§ What you have to do
The output must match the entries below exactly, with pictures removed.
━━━━━━━━━━━━━━━━━━━━
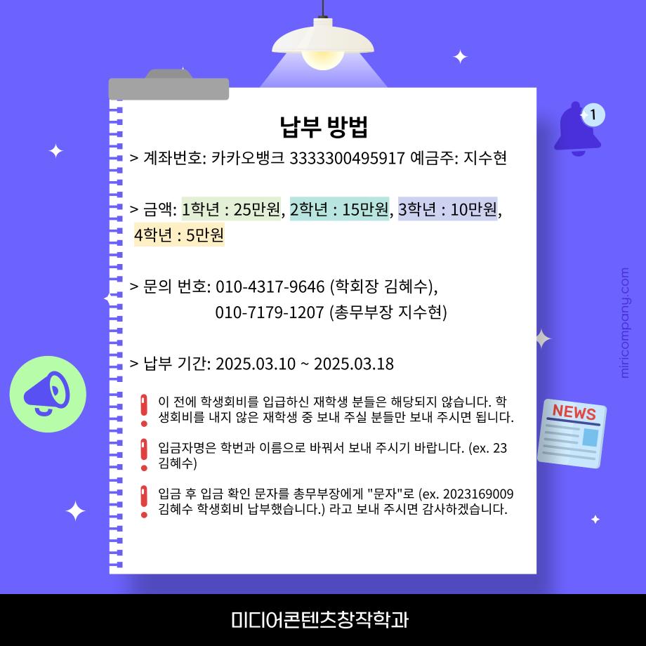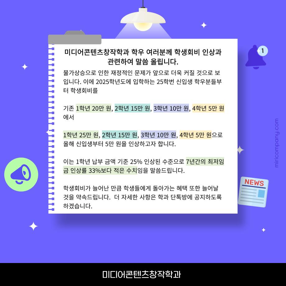 본문 시작 홈으로 MCC News 학과소개 교수소개 학과과정 MCC News MCC SNS 홈페이지가이드 학과 및 재학생 학과 및 재학생 교수 및 졸업생 미디어 정보통 학과 및 재학생 페이스북 트위터 프린트 ‼미디어콘텐츠창작학과 학생회비 안내 미디어콘텐츠창작학과 3370 2025-03-10 미디어콘텐텐츠창작학과에서 학생회비 인상과 납부 관련하여 안내드립니다. 더 자세한 사항은 과 단톡방을 통해 안내드리겠습니다. 문의사항이 있다면 카드뉴스에 적혀있는 학회장 또는 총무부장에게 연락바랍니다. 목록 이전‼️학생회 모집 안내 ‼️ 다음 🔥개총&신환회🎊 담당부서 : 미디어콘텐츠창작학과 담당자 : - 연락처 : 043-649-1741 최종수정일 : 2024-10-26 만족도조사 만족도 조사 이 페이지에서 제공하는 정보에 대하여 만족하시나요? 매우만족 만족 보통 불만족 매우불만족
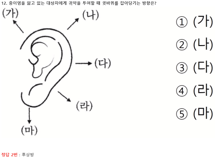 12. 중이염을 앓고 있는 대상자에게 귀약을 투여할 때 귓바퀴를 잡아당기는 방향은?
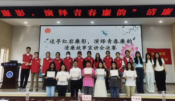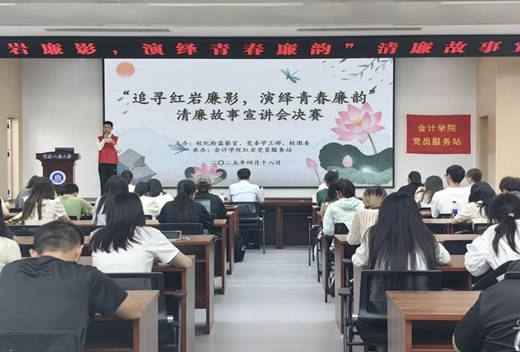 当前位置: 首页 >> 社区建设 >> 正文 从梁家河故事到红岩先烈事迹:太阳成tyc7111cc清廉宣讲决赛引领青年厚植廉洁底色 时间:2025年04月21日 14:53 作者: 会计学院 为深化党团联动机制,激活“一站式”学生社区党建育人动能,引领青年学子厚植廉洁底色、共筑校园清风生态,2025年4月18日下午,校纪检监察室、党委学工部、校团委与会计学院红岩党员服务站于明德楼1019报告厅,联合举办“追寻红岩廉影,演绎青春廉韵”清廉故事宣讲会决赛。学校纪检监察室主任苏治远、校团委书记吴佑波、会计学院党委书记邓德敏、党委副书记郝颖,携7位参赛选手及会计学院80余名师生,共同参与这场“党建+廉洁”的育人实践。 本次清廉故事宣讲会竞赛分为初赛与决赛两轮。初赛于2025年3月18日正式启动,以线下宣讲的形式开展,共有17人参赛,最终7位同学凭借出色表现成功晋级决赛。决赛正式开始前,邓德敏书记发表活动致辞。他充分肯定了此次宣讲会的重要意义,强调要以本次活动为契机,将廉洁文化深度融入日常学习生活之中。 决赛现场,七位宣讲人以真实故事、生动语言阐释“清正廉洁”内涵:讲述习近平总书记梁家河知青岁月廉洁故事,学习其清廉为民品格;展现周恩来、董必武、彭德怀等老一辈无产阶级革命家以坚定信仰和无私奉献彰显的共产党人高尚品质与伟大情怀;重温江姐、陈然、刘国鋕等革命先烈在黑暗岁月中面对敌人威逼利诱,坚守党的秘密和信仰、以大无畏精神践行清廉与忠诚的事迹。决赛还特别设置了互动环节,现场气氛热烈。同学们踊跃参与知识问答,在思维的碰撞与观点的交流中,进一步深化了对廉洁文化的认知与理解,将抽象的廉洁理念转化为具体的行动指南。 与此同时,现场还播放了廉洁主题短片《致敬先辈的一封信》,通过鲜活的案例、动人的故事和震撼的画面,进一步增强了活动的感染力与影响力。经过激烈角逐,王良芳同学凭借出色表现斩获一等奖,曹馨月和周传炜同学荣获二等奖,曾善美、刘宇佳、韩郑镓呈和韩慧怡同学获得三等奖。他们的精彩宣讲,充分展现了对廉洁文化的深刻理解与生动诠释。 此次清廉故事宣讲会在热烈的掌声中圆满落幕。活动不仅搭建起廉洁文化传播的桥梁,更在每位参与者心中播撒下崇廉尚洁的种子,为营造清正廉洁的校园环境注入了强大的精神动力。 上一条:党建引领“会乐有约” 共筑育人发展新篇 下一条:健康集市进社区,青春赋能“一站式”——太阳成tyc7111cc“健康集市”活动引领校园健康新风尚 【关闭】
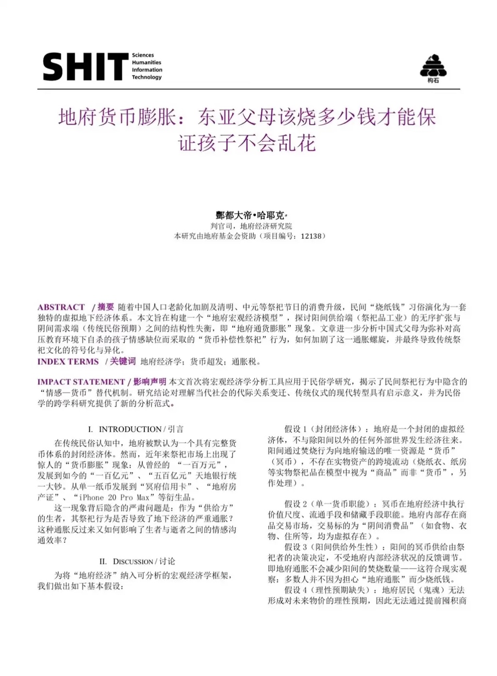SHIT期刊的 地府货币膨胀 一文,原来是有原型的
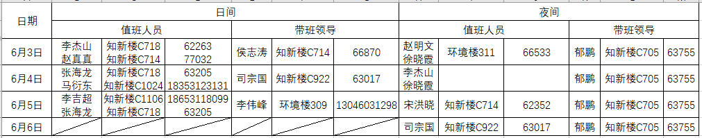 端午节假期,院领导导各学院疫情指挥小组领导及成员安排值班值守,学院严格执行24小时值班值守制度,加强假期突发事件应急处置,从严执行信息报告制度,确保假期安全平稳。端午节假期,每天下午3点前通过学校信息化服务平台“数据服务”做好“日报告”“零报告”报送工作。突发情况或重要信息第一时间向学校总值班室报告。附值班表:
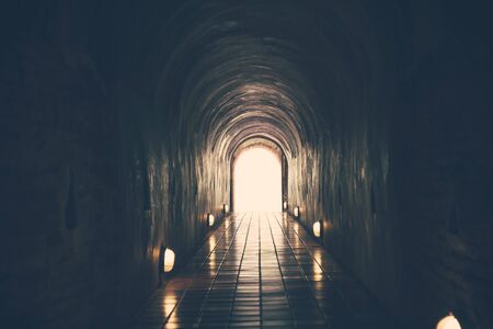 vintage tone of tunnel and light at the end.
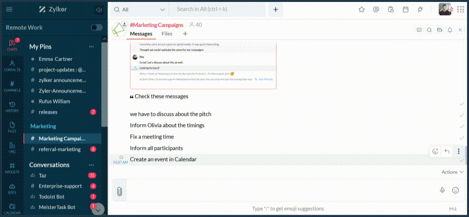 Turn your conversations into actions with the message action 'Create task'. Your conversations in Cliq will have a mix of new tasks, issues, future to dos, and new implementations—keep track of them all by sending it to your workspace as Tasks.
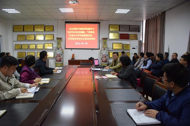 本站讯(学生通讯员罗晓颖刘丹)4月28日下午,化学与生物工程学院召开干部教师政治学习会,专题学习了习近平总书记在福建、广西和清华大学考察期间重要讲话以及在博鳌亚洲论坛2021年年会开幕式上视频主旨演讲精神。该院院长郭孟萍、院党委书记黄良辉、副院长张文彬、院党委副书记陶华蕾以及全院教职工参加会议,学习会由黄良辉主持。
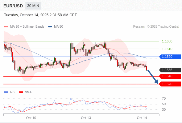 在 1.1590 之下,看跌,目标价位为 1.1540 ,然后为 1.1520 。
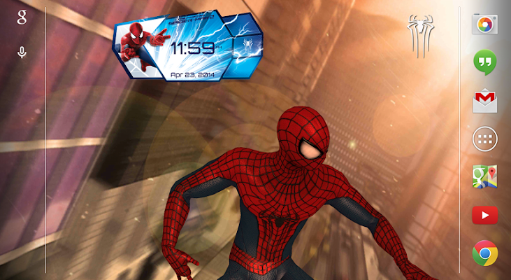 Escucha el héroe en rojo y azul recitar el tiempo para usted, así como pequeñas sorpresas aquí y allá para que usted descubra mientras que el Amazing Spider -Man 2 Clock Widget se ajusta a la pantalla principal .
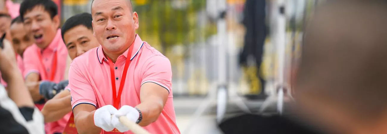 چین کے اندرون منگولیا خوداختیار خطے کے شہر ہوہوٹ میں آمدہ چینی کسانوں کے کٹائی میلے کے جشن میں لوگ رسہ کشی کے مقابلے میں حصہ لے رہے ہیں۔ (شِںہوا)
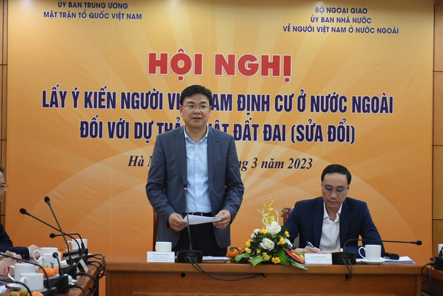 Trong quá trình xây dựng và từng bước hoàn thiện pháp luật về đất đai nói riêng và hệ thống pháp luật Việt Nam nói chung đang từng bước thể chế hóa những chủ trương, đường lối lớn của Đảng và Nhà đặc biệt là đối với người Việt Nam ở nước ngoài đều yêu cầu tạo mọi điều kiện thuận lợi cho người Việt Nam đang định cư ở nước ngoài. Việc lấy ý kiến rộng rãi đối với dự thảo Luật Đất đai (sửa đổi) cũng nằm trong chu trình đó để làm sao thể chế hóa đường lối của Đảng bằng các văn bản quy phạm pháp luật theo hướng phát huy hơn nữa nguồn lực người Việt Nam ở nước ngoài phù hợp với chủ trương đường lối chung của quá trình phát triển đất nước.
━━━━━━━━━━━━━━━━━━━━
§ Task output
 본문 시작 홈으로 MCC News 학과소개 교수소개 학과과정 MCC News MCC SNS 홈페이지가이드 학과 및 재학생 학과 및 재학생 교수 및 졸업생 미디어 정보통 학과 및 재학생 페이스북 트위터 프린트 ‼미디어콘텐츠창작학과 학생회비 안내 미디어콘텐츠창작학과 3370 2025-03-10 미디어콘텐텐츠창작학과에서 학생회비 인상과 납부 관련하여 안내드립니다. 더 자세한 사항은 과 단톡방을 통해 안내드리겠습니다. 문의사항이 있다면 카드뉴스에 적혀있는 학회장 또는 총무부장에게 연락바랍니다. 목록 이전‼️학생회 모집 안내 ‼️ 다음 🔥개총&신환회🎊 담당부서 : 미디어콘텐츠창작학과 담당자 : - 연락처 : 043-649-1741 최종수정일 : 2024-10-26 만족도조사 만족도 조사 이 페이지에서 제공하는 정보에 대하여 만족하시나요? 매우만족 만족 보통 불만족 매우불만족
 12. 중이염을 앓고 있는 대상자에게 귀약을 투여할 때 귓바퀴를 잡아당기는 방향은?
 当前位置: 首页 >> 社区建设 >> 正文 从梁家河故事到红岩先烈事迹:太阳成tyc7111cc清廉宣讲决赛引领青年厚植廉洁底色 时间:2025年04月21日 14:53 作者: 会计学院 为深化党团联动机制,激活“一站式”学生社区党建育人动能,引领青年学子厚植廉洁底色、共筑校园清风生态,2025年4月18日下午,校纪检监察室、党委学工部、校团委与会计学院红岩党员服务站于明德楼1019报告厅,联合举办“追寻红岩廉影,演绎青春廉韵”清廉故事宣讲会决赛。学校纪检监察室主任苏治远、校团委书记吴佑波、会计学院党委书记邓德敏、党委副书记郝颖,携7位参赛选手及会计学院80余名师生,共同参与这场“党建+廉洁”的育人实践。 本次清廉故事宣讲会竞赛分为初赛与决赛两轮。初赛于2025年3月18日正式启动,以线下宣讲的形式开展,共有17人参赛,最终7位同学凭借出色表现成功晋级决赛。决赛正式开始前,邓德敏书记发表活动致辞。他充分肯定了此次宣讲会的重要意义,强调要以本次活动为契机,将廉洁文化深度融入日常学习生活之中。 决赛现场,七位宣讲人以真实故事、生动语言阐释“清正廉洁”内涵:讲述习近平总书记梁家河知青岁月廉洁故事,学习其清廉为民品格;展现周恩来、董必武、彭德怀等老一辈无产阶级革命家以坚定信仰和无私奉献彰显的共产党人高尚品质与伟大情怀;重温江姐、陈然、刘国鋕等革命先烈在黑暗岁月中面对敌人威逼利诱,坚守党的秘密和信仰、以大无畏精神践行清廉与忠诚的事迹。决赛还特别设置了互动环节,现场气氛热烈。同学们踊跃参与知识问答,在思维的碰撞与观点的交流中,进一步深化了对廉洁文化的认知与理解,将抽象的廉洁理念转化为具体的行动指南。 与此同时,现场还播放了廉洁主题短片《致敬先辈的一封信》,通过鲜活的案例、动人的故事和震撼的画面,进一步增强了活动的感染力与影响力。经过激烈角逐,王良芳同学凭借出色表现斩获一等奖,曹馨月和周传炜同学荣获二等奖,曾善美、刘宇佳、韩郑镓呈和韩慧怡同学获得三等奖。他们的精彩宣讲,充分展现了对廉洁文化的深刻理解与生动诠释。 此次清廉故事宣讲会在热烈的掌声中圆满落幕。活动不仅搭建起廉洁文化传播的桥梁,更在每位参与者心中播撒下崇廉尚洁的种子,为营造清正廉洁的校园环境注入了强大的精神动力。 上一条:党建引领“会乐有约” 共筑育人发展新篇 下一条:健康集市进社区,青春赋能“一站式”——太阳成tyc7111cc“健康集市”活动引领校园健康新风尚 【关闭】
SHIT期刊的 地府货币膨胀 一文,原来是有原型的
 端午节假期,院领导导各学院疫情指挥小组领导及成员安排值班值守,学院严格执行24小时值班值守制度,加强假期突发事件应急处置,从严执行信息报告制度,确保假期安全平稳。端午节假期,每天下午3点前通过学校信息化服务平台“数据服务”做好“日报告”“零报告”报送工作。突发情况或重要信息第一时间向学校总值班室报告。附值班表:
 vintage tone of tunnel and light at the end.
 Turn your conversations into actions with the message action 'Create task'. Your conversations in Cliq will have a mix of new tasks, issues, future to dos, and new implementations—keep track of them all by sending it to your workspace as Tasks.
 本站讯(学生通讯员罗晓颖刘丹)4月28日下午,化学与生物工程学院召开干部教师政治学习会,专题学习了习近平总书记在福建、广西和清华大学考察期间重要讲话以及在博鳌亚洲论坛2021年年会开幕式上视频主旨演讲精神。该院院长郭孟萍、院党委书记黄良辉、副院长张文彬、院党委副书记陶华蕾以及全院教职工参加会议,学习会由黄良辉主持。
 在 1.1590 之下,看跌,目标价位为 1.1540 ,然后为 1.1520 。
 Escucha el héroe en rojo y azul recitar el tiempo para usted, así como pequeñas sorpresas aquí y allá para que usted descubra mientras que el Amazing Spider -Man 2 Clock Widget se ajusta a la pantalla principal .
 چین کے اندرون منگولیا خوداختیار خطے کے شہر ہوہوٹ میں آمدہ چینی کسانوں کے کٹائی میلے کے جشن میں لوگ رسہ کشی کے مقابلے میں حصہ لے رہے ہیں۔ (شِںہوا)
 Trong quá trình xây dựng và từng bước hoàn thiện pháp luật về đất đai nói riêng và hệ thống pháp luật Việt Nam nói chung đang từng bước thể chế hóa những chủ trương, đường lối lớn của Đảng và Nhà đặc biệt là đối với người Việt Nam ở nước ngoài đều yêu cầu tạo mọi điều kiện thuận lợi cho người Việt Nam đang định cư ở nước ngoài. Việc lấy ý kiến rộng rãi đối với dự thảo Luật Đất đai (sửa đổi) cũng nằm trong chu trình đó để làm sao thể chế hóa đường lối của Đảng bằng các văn bản quy phạm pháp luật theo hướng phát huy hơn nữa nguồn lực người Việt Nam ở nước ngoài phù hợp với chủ trương đường lối chung của quá trình phát triển đất nước.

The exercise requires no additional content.